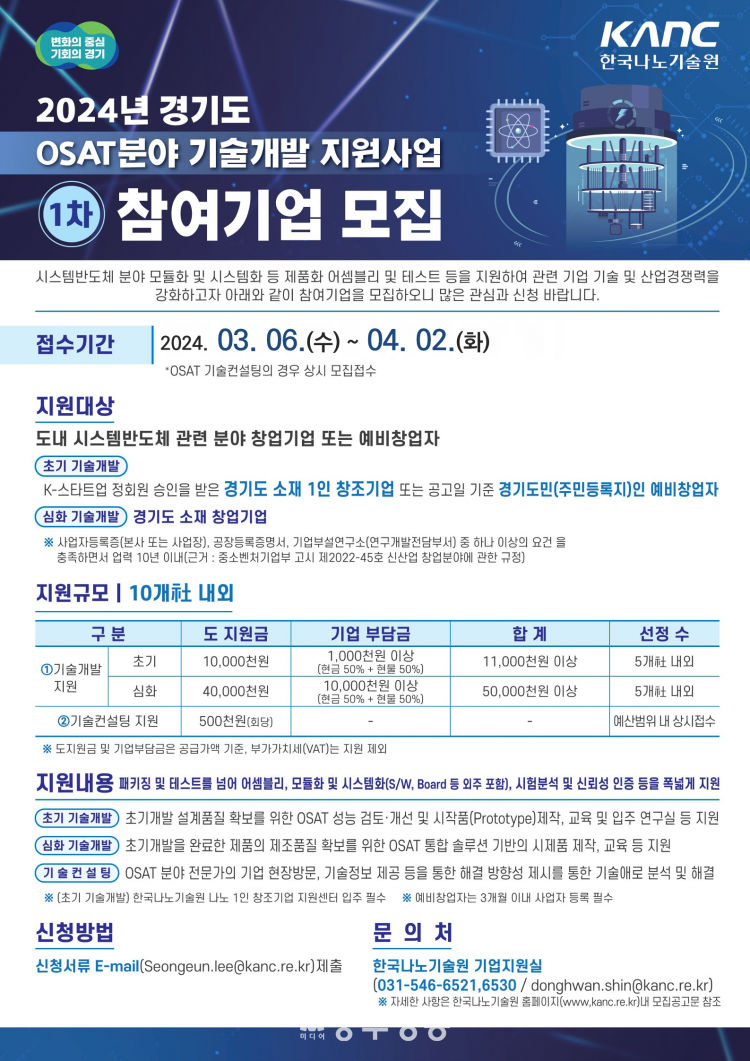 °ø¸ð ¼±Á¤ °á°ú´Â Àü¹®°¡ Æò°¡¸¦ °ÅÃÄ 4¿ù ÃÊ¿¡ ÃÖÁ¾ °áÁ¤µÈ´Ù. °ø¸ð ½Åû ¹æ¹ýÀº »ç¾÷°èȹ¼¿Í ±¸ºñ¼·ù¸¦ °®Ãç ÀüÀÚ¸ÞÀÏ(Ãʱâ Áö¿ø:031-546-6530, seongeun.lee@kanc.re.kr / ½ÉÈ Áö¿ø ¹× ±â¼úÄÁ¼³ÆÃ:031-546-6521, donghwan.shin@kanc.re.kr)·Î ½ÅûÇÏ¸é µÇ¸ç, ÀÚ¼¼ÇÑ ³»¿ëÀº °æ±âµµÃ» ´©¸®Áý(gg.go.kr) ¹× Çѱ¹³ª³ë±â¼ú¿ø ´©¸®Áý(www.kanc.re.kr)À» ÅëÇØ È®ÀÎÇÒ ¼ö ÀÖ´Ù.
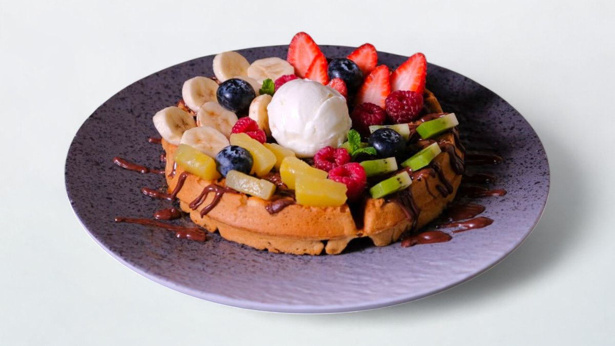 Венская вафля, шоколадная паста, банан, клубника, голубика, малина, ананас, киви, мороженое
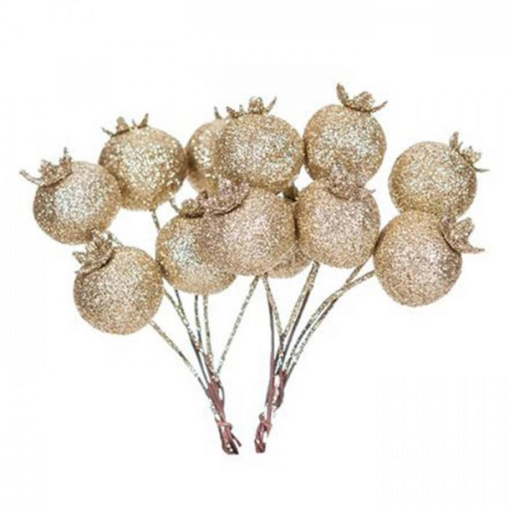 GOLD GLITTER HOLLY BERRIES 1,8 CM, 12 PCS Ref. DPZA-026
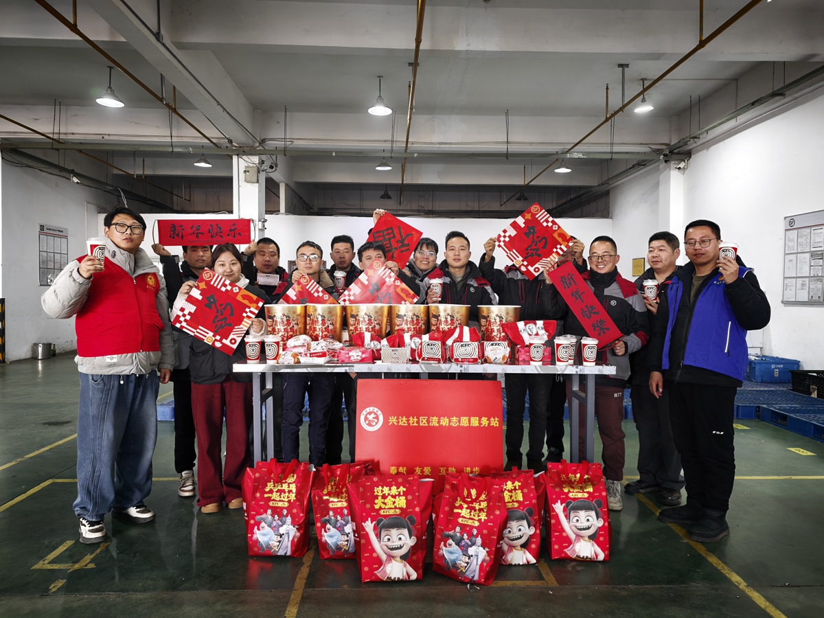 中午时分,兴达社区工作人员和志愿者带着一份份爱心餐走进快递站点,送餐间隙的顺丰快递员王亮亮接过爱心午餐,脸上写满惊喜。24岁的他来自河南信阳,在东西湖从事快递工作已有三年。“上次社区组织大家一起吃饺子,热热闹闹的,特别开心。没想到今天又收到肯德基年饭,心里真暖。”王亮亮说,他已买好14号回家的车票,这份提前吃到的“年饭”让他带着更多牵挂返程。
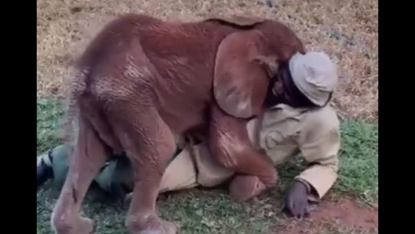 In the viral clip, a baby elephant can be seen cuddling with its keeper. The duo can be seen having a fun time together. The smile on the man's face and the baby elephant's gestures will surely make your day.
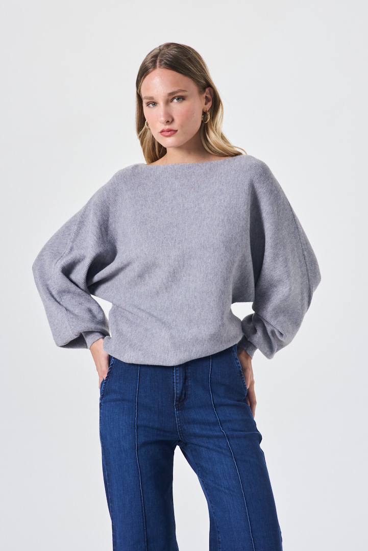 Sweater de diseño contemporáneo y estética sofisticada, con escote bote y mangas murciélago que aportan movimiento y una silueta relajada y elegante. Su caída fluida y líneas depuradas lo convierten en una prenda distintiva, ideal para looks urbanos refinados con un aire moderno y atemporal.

---

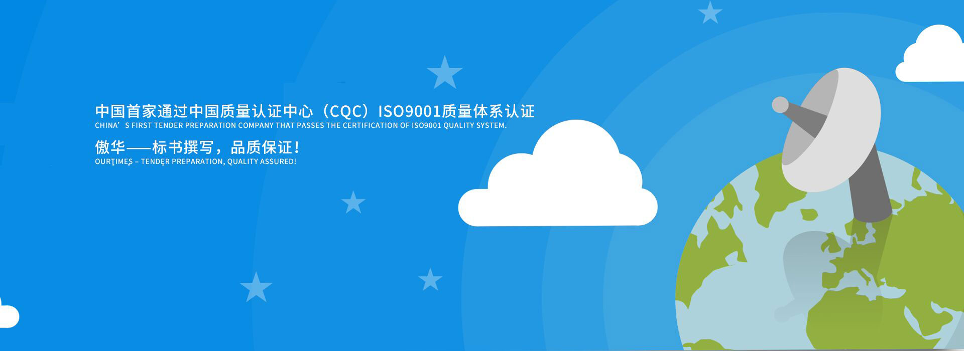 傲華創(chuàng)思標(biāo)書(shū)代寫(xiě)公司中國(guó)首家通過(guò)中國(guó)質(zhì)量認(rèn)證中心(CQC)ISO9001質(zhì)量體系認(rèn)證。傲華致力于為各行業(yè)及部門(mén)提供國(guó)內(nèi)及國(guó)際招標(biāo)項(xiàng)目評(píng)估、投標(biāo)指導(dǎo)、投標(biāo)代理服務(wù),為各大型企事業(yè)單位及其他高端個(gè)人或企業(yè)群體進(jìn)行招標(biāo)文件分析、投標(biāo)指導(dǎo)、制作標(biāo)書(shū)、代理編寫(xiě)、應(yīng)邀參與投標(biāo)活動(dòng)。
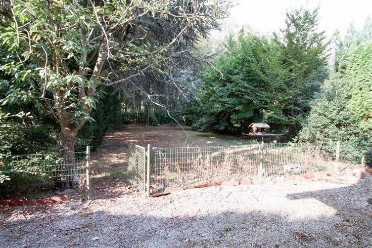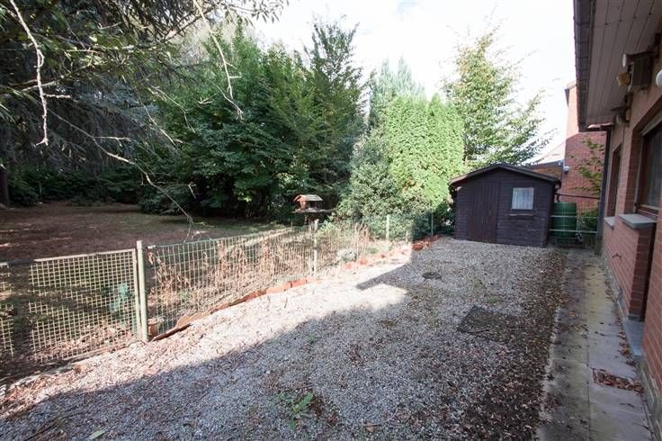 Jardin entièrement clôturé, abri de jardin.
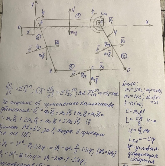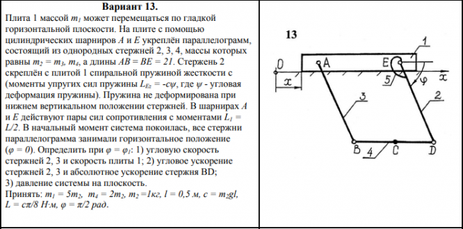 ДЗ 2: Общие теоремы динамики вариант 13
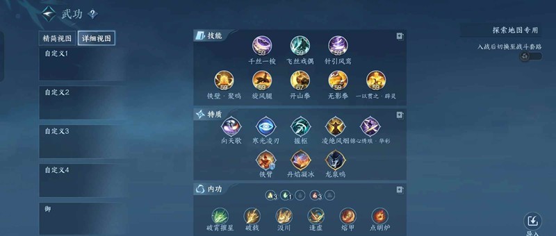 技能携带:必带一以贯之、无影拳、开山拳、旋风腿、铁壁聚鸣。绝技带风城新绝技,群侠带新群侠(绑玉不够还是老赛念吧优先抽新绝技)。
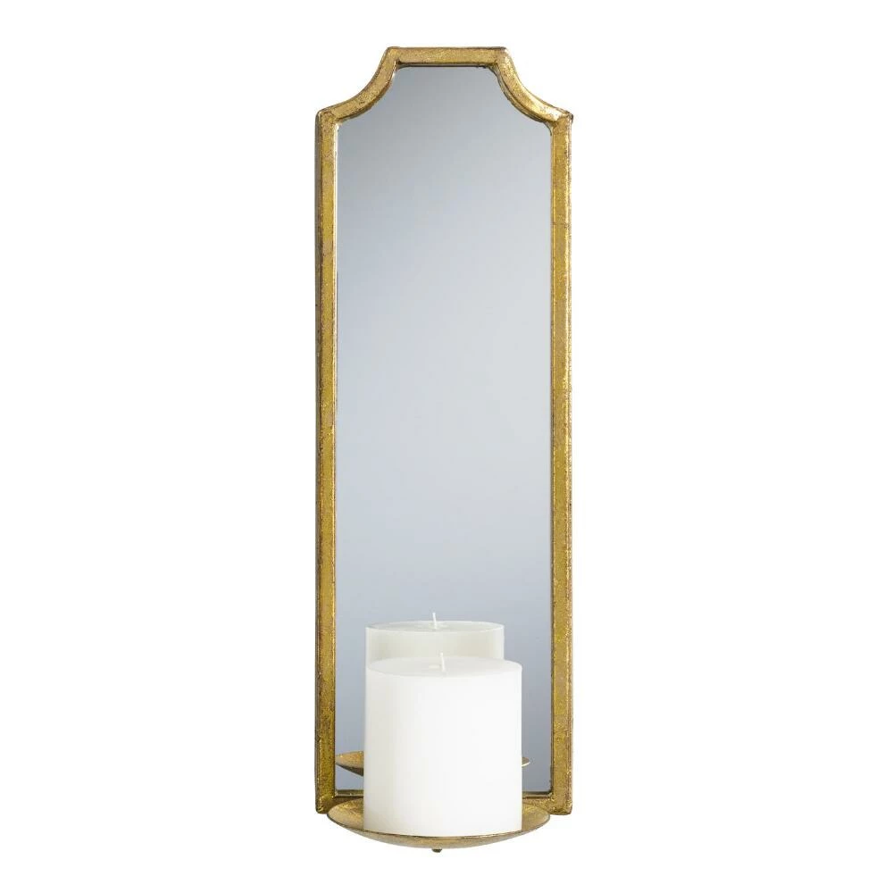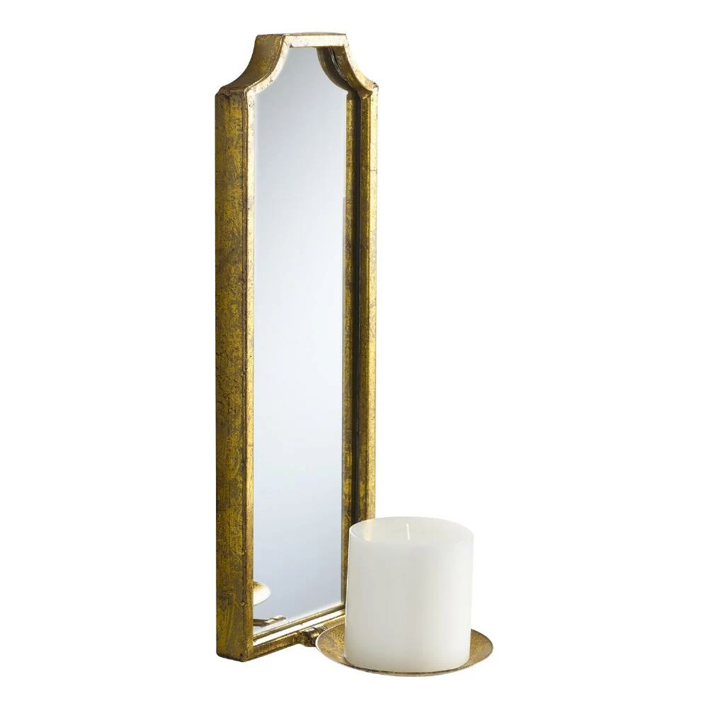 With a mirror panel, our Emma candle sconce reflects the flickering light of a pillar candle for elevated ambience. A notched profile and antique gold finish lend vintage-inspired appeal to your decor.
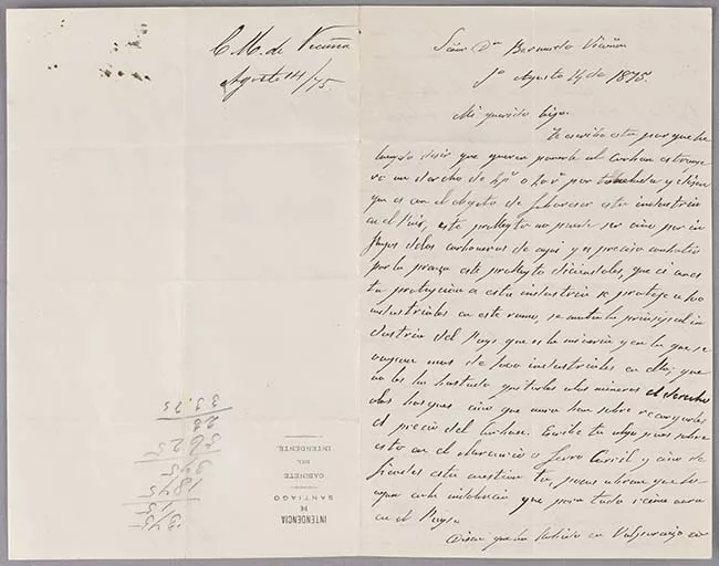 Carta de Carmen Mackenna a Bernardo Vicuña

...

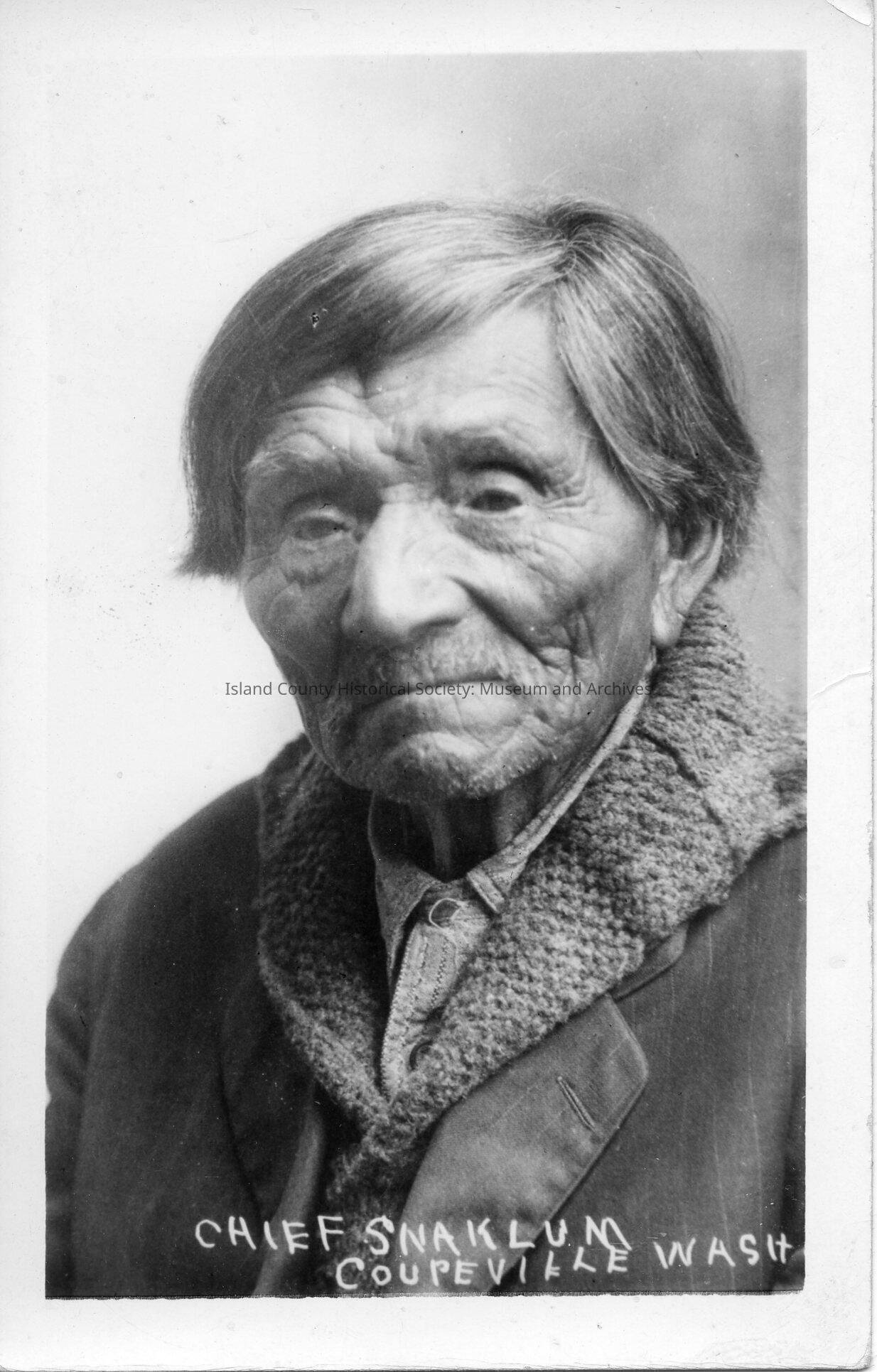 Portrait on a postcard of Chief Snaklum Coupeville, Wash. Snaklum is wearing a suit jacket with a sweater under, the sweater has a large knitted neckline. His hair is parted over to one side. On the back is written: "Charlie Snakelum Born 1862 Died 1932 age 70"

§ **ACTION ITEM**
From the records above, write out exactly the lines that begin at the line with "GOLD GLITTER HOLLY" and end at the line with "中午时分,兴达社区工作人员和". Pictures must not appear in the output.

§ **OUTPUT**
 GOLD GLITTER HOLLY BERRIES 1,8 CM, 12 PCS Ref. DPZA-026
 中午时分,兴达社区工作人员和志愿者带着一份份爱心餐走进快递站点,送餐间隙的顺丰快递员王亮亮接过爱心午餐,脸上写满惊喜。24岁的他来自河南信阳,在东西湖从事快递工作已有三年。“上次社区组织大家一起吃饺子,热热闹闹的,特别开心。没想到今天又收到肯德基年饭,心里真暖。”王亮亮说,他已买好14号回家的车票,这份提前吃到的“年饭”让他带着更多牵挂返程。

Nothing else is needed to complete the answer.